Instructions for the task: From the records below, please print only the lines from the one containing "I quotidiani di" through the one containing "Dress panjang setengah", both included. Skip the pictures.

(Data extract begins)

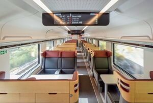 Neu entwickelte mobilfunkdurchlässige Fensterscheiben verbessern die Netzfunktion und bringen damit stabileren Handy-Empfang auf den Strecken. Eine spezielle Ambientebeleuchtung mit tageszeitangepasster Lichtsteuerung sorgt für eine angenehme Fahrt, während das moderne Fahrgastinformationssystem mit aktuellen Reiseinformationen up-to-date hält. Wer sich die Zeit bis zur Ankunft online vertreiben möchte, kann mit gratis WLAN im ÖBB Railnet surfen, streamen und das digitale Zeitungs- und Zeitschriftenangebot kostenlos nutzen. Eine Klimaautomatik im Fahrgastraum sorgt für angenehme Temperaturen, während eine verbesserte Laufruhe des Zugs selbst bei der Maximalgeschwindigkeit von 230 km/h für ein entspanntes Fahrerlebnis sorgt.
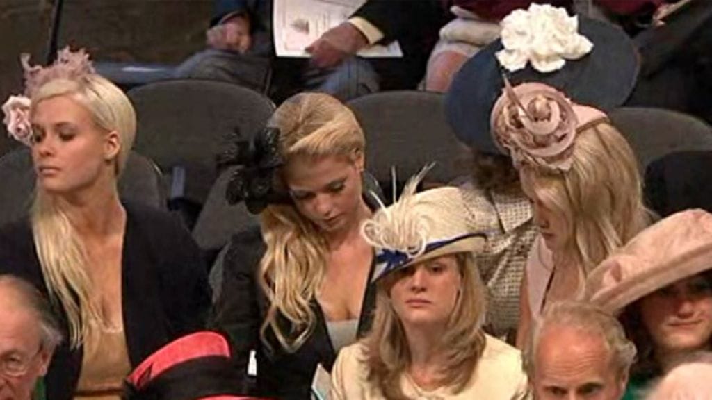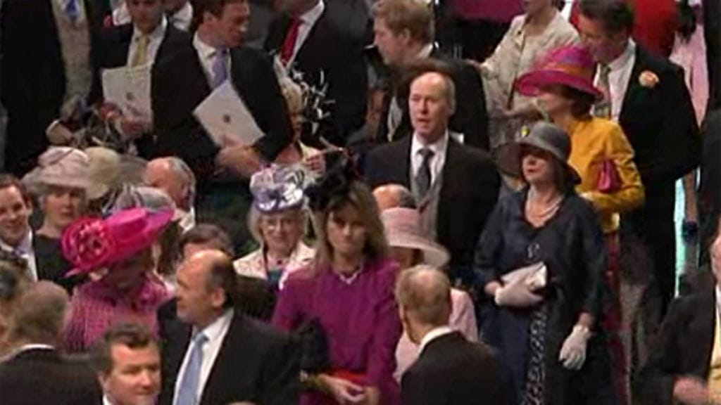Westminster Abbey täyttyy hiljalleen kuninkaallisten häiden juhlavieraista. Keväthäissä juhla-asujen trendivärit ovat keltainen ja pinkki. Häähattujen lisäksi vierailla on muhkeita kukkakoristeita asusteina.
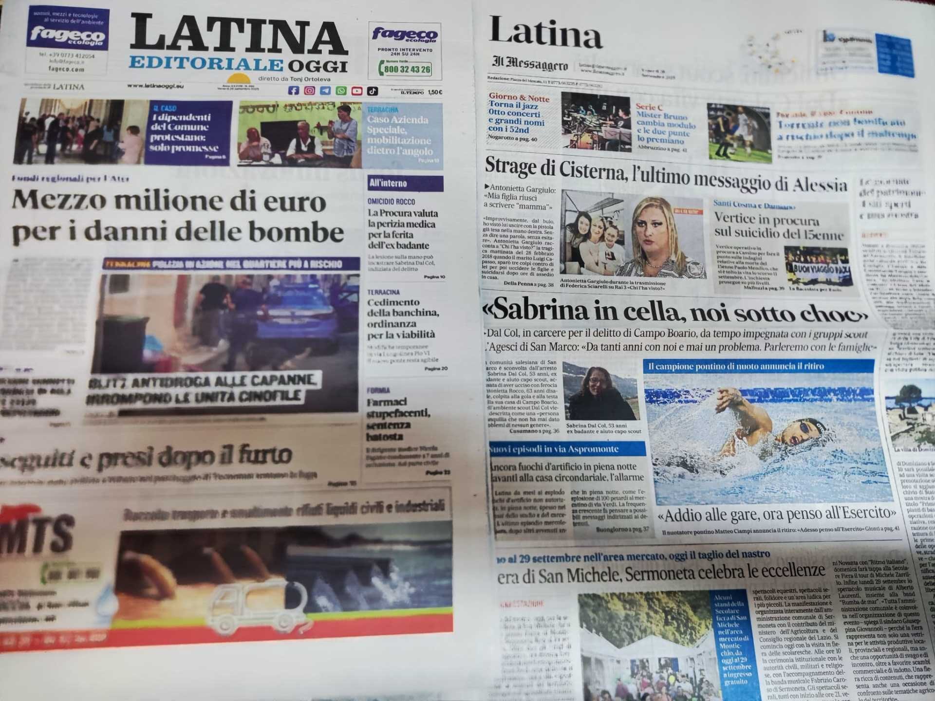 I quotidiani di Latina in un click – 26 settembre 2025
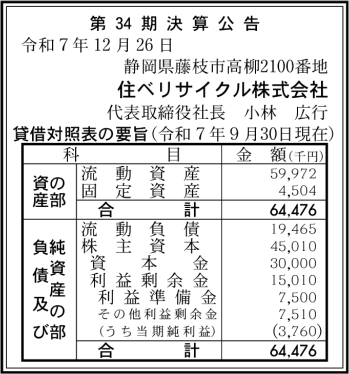 | 利益剰余金 | 1,501万円 (+0.07%) |
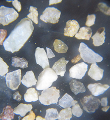 ☆火山灰に含まれる鉱物と砂に含まれる鉱物を比較して観察することで,それらの成因がマグマに由来することを見いだすことができる。 ○山形県で産出する海岸砂,川砂,山砂などを準備する。 ☆火山灰や海岸の砂,川砂などに含まれる鉱物を,ルーペなどを用いて観察し,鉱物を分類することができる。 ○砂を構成する鉱物を有色鉱物と無色鉱物に分け,もととなった火成岩を推定させる。 |
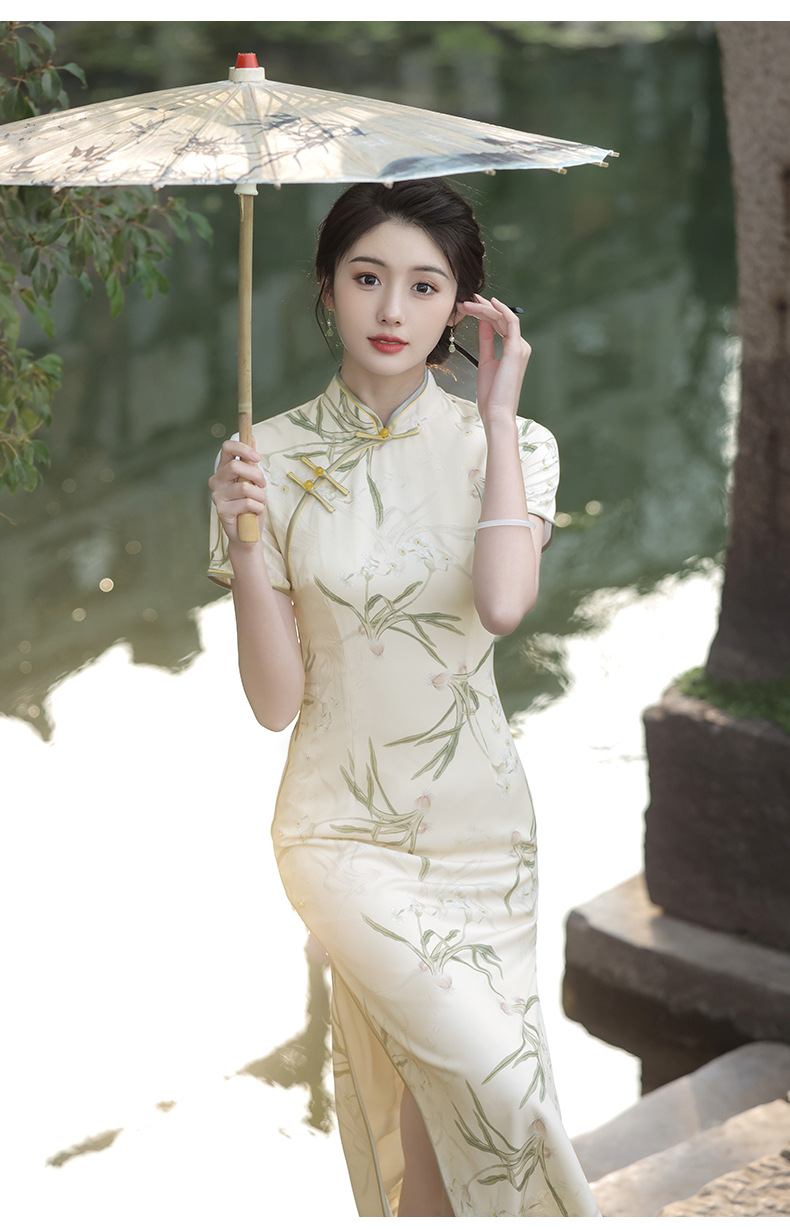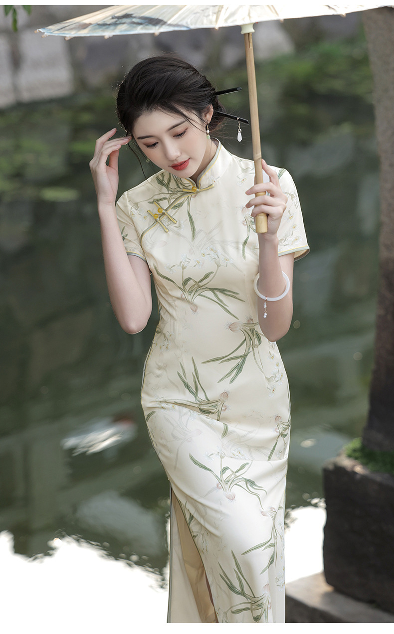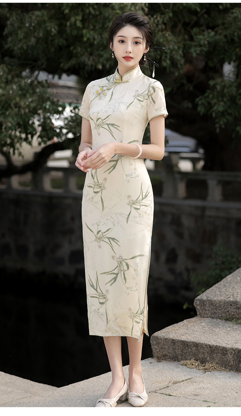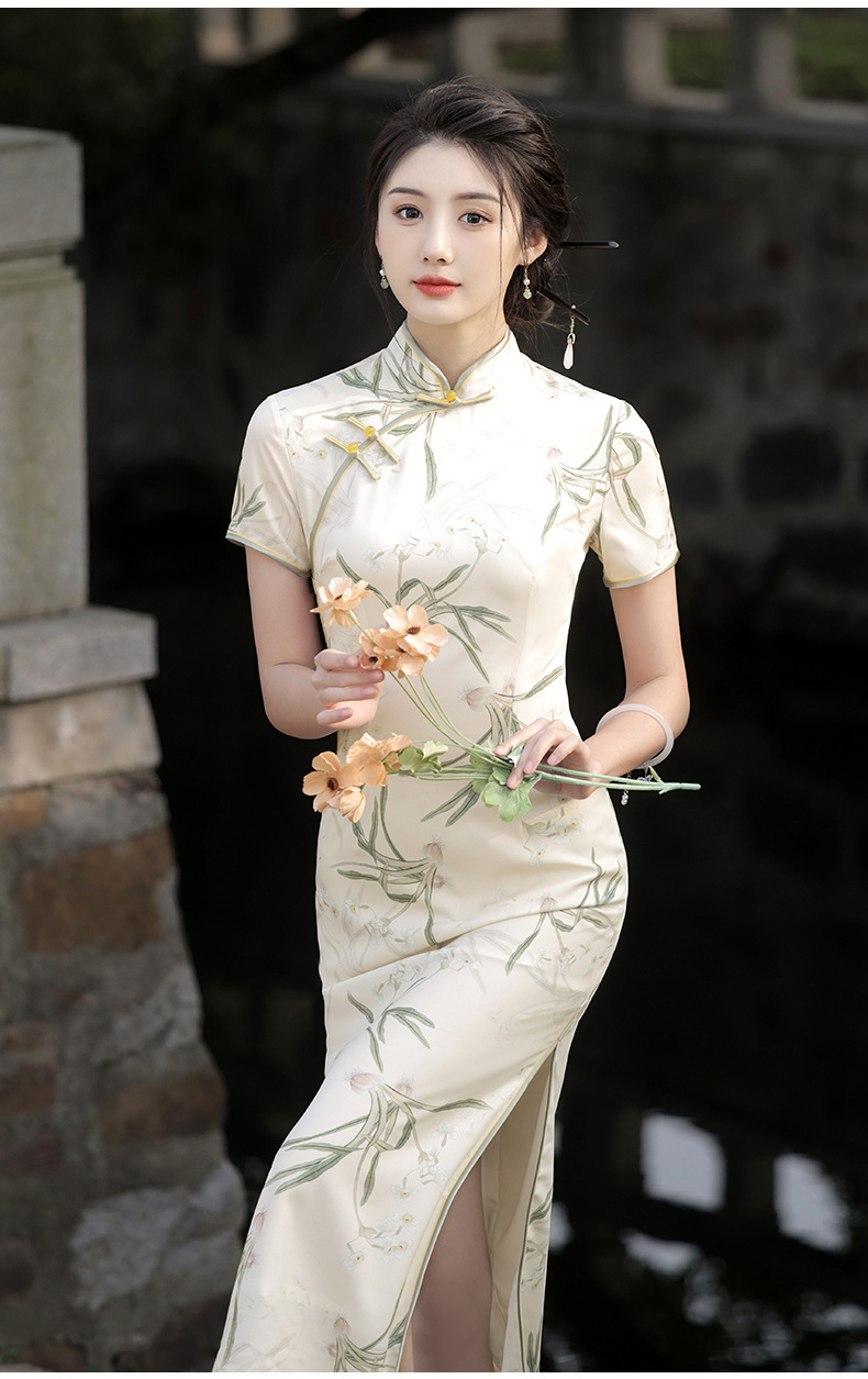 Dress panjang setengah lengan pendek, gaun cheongsam baru Cina elegan ramping bercetak ditingkatkan Musim Panas 2024
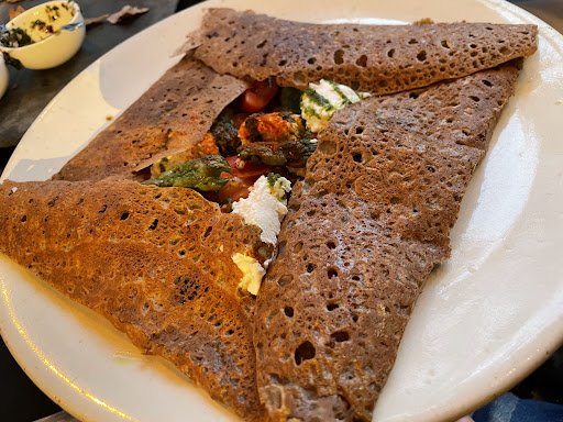 Read moreI had a craving for a sweet and once I arrived at Breizh Café, was upsold into a wonderful experience. They sell traditional buckwheat Breton crêpes - some with some Japanese influences. The dry cider paired with my savoury crêpe was also delicious. I could hear the jazz from across the seine, and also really enjoyed the yuzu butter crêpe I had for dessert. Service was lovely, and attentive. The waitress knew English was my preferred language as I took an English menu, but was patient with my French and we conversed entirely in French, despite her English probably being much better!

(Data extract ends)

Task result:
 I quotidiani di Latina in un click – 26 settembre 2025
 | 利益剰余金 | 1,501万円 (+0.07%) |
 ☆火山灰に含まれる鉱物と砂に含まれる鉱物を比較して観察することで,それらの成因がマグマに由来することを見いだすことができる。 ○山形県で産出する海岸砂,川砂,山砂などを準備する。 ☆火山灰や海岸の砂,川砂などに含まれる鉱物を,ルーペなどを用いて観察し,鉱物を分類することができる。 ○砂を構成する鉱物を有色鉱物と無色鉱物に分け,もととなった火成岩を推定させる。 |
 Dress panjang setengah lengan pendek, gaun cheongsam baru Cina elegan ramping bercetak ditingkatkan Musim Panas 2024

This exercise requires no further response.